Visa’s global card network connects hundreds of millions of cards and tens of millions of merchants; Mastercard covers over 200 countries; Stripe processed $1.9 trillion last year. If every AI expenditure flows through these channels, the more capable AI becomes, the more they profit.

For crypto companies, the logic is different.

Coinbase CEO Brian Armstrong once said plainly: “AI can have crypto wallets, but can’t open bank accounts.”

Every step of the traditional financial system verifies “who you are”: bank accounts require ID, credit cards need facial recognition, each transaction needs SMS verification. AI is software, not a person—these hurdles it can’t pass.

But crypto wallets don’t need these. A private key is an account; for an AI agent, on-chain payments are the easiest route.

Whether crypto or not, AI payments will become a new foundational market. The only difference is which pipeline is more machine-friendly.

Roads are built, but cars haven’t arrived

At this point, it seems everything is ready—five giants are poised.

But there’s one number worth noting.

Coinbase’s x402 protocol is currently the earliest and most widely adopted AI payment protocol. According to x402scan, in the past 24 hours, total transaction volume was $65,400. 150,000 transactions, averaging less than five cents each.

What infrastructure supports this? Tempo’s $5 billion valuation, Mastercard’s $1.8 billion BVNK acquisition, Visa’s new department, Stripe’s protocol development.

Billions of dollars in infrastructure serving a market with daily transaction volume comparable to a street-side bubble tea shop.

This seems to be the norm for infrastructure businesses.

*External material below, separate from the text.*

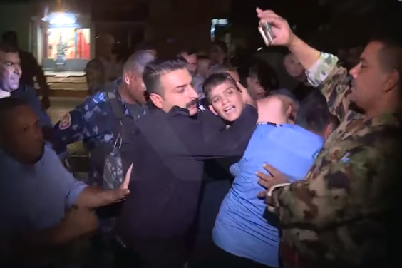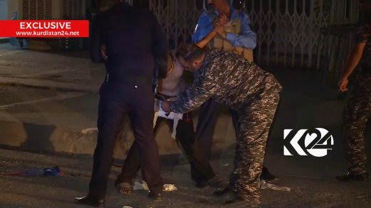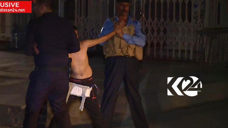 Local television footage aired on Kurdistan 24 TV shows a group of police officers holding the young boy aged about 12 or 13 in a number 10 Lionel Messi jersey, while two men are seen cutting off a belt of explosives. After they remove the belt, the boy is seen being rushed into a police truck and driven away.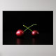 Två körsbär - Två sötkörsbär (prunus avium regina) i levande grönt och lila, fotograferade mot svart bakgrund. © Alan Harman Photography 2013. Alla reserverade Höger. www.alanharmanphotography.com 220518 poster utskrift

Before the internet bubble in 2000, telecom companies laid millions of kilometers of fiber optic cables. Afterward, they found only about 5% of global internet traffic used those fibers. Most of those companies went bankrupt, but the fiber still exists.

Ten years later, streaming video and mobile internet filled those pipelines. The builders didn’t profit, but the roads are real.

AI payments are now at this stage. The demand logic is sound: AI agents are becoming more capable, genuinely need to spend independently, and require a new financial infrastructure.

Everyone is at the starting line, but once the starting gun fires, it turns out only they are on the track.

When the first truly autonomous transaction by an AI agent will happen in your life might come sooner than expected—or it might be later.

The only certainty is that this battle has begun, and your and my wallets might be the last to know.